Froth Flotation - History

History

Initially, naturally occurring chemicals such as fatty acids and oils were used as flotation reagents in a large quantity to increase the hydrophobicity of the valuable minerals. Since then, the process has been adapted and applied to a wide variety of materials to be separated, and additional collector agents, including surfactants and synthetic compounds have been adopted for various applications.

William Haynes in 1869 patented a process for separating sulfide and gangue minerals using oil and called it bulk-oil flotation. In 1885 Carrie Everson expanded upon this and patented a process calling for oil but also an acid or a salt.

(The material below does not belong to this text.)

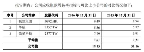 這樣的運(yùn)營模式,讓雷神科技在資金周轉(zhuǎn)方面,和所有同行業(yè)的上市公司聯(lián)想、華碩相比更為靈活。這一點(diǎn),從應(yīng)收賬款就可以看出。

The first successful commercial flotation process for mineral sulphides was invented by Frank Elmore who worked on the development with his brother, Stanley. The Glasdir copper mine at Llanelltyd, near Dolgellau in North Wales was bought in 1896 by the Elmore brothers in conjunction with their father, William. In 1897, the Elmore brothers installed the world's first industrial size commercial flotation process for mineral beneficiation at the Glasdir mine. The process was not froth flotation but used oil to agglomerate (make balls of) pulverised sulphides and buoy them to the surface, and was patented in 1898 with a description of the process published in 1903 in the Engineering and Mining Journal. By this time they had recognized the importance of air bubbles in assisting the oil to carry away the mineral particles. The Elmores had formed a company known as the Ore Concentration Syndicate Ltd to promote the commercial use of the process worldwide. However developments elsewhere, particularly in Australia by Minerals Separation Ltd., led to decades of hard fought legal battles and litigations which, ultimately, were lost as the process was superseded by more advanced techniques. Charles Butters, beginning about 1899, and working with both the Elmores and Minerals Separation's representative E.H. Nutter developed what was known to contemporaries as the "Butters Process". The flotation process was independently invented in the early 1900s in Australia by Charles Vincent Potter and around the same time by Guillaume Daniel Delprat.. This process (developed circa 1902) did not use oil, but relied upon flotation by the generation of gas formed by the introduction of acid into the pulp. In 1902, Froment combined oil and gaseous flotation using a modification of the Potter-Delprat process.

Another process was developed in 1902 by Cattermole, who emulsified the pulp with a small quantity of oil, subjected it to violent agitation, then slow stirring which coagulated the target minerals into nodules which were separated from the pulp by gravity. This was the basis of the Minerals Separation Ltd. process. By 1904, the MacQuisten process (a surface tension based method) was developed but this would not work when slimes were present. in 1912 Hyde modified the Minerals Separation Process and installed it in the Butte and Superior Mill in Basin, Montana.

John M. Callow, of General Engineering of Salt Lake City, had followed flotation from technical papers and the introduction in both the Butte and Superior Mill, and at Inspiration Copper in Arizona and determined that mechanical agitation was a drawback to the existing technology. Introducing a porous brick with compressed air, and a mechanical stirring mechanism, Callow applied for a patent in 1914. This method, known as Pneumatic Flotation, was recognized to revolutionize the process of flotation concentration. A detailed description of the history of flotation and this process can be found in Callows "Notes on Flotation" found in the Transactions of the American Institute of Mining Engineers; Vol 53-54, originally presented in New York in February 1916. The AIME presented Callow the James Douglas Gold Medal in 1926 for his contributions to the field of flotation.

In the 1960s the froth flotation technique was adapted for deinking recycled paper.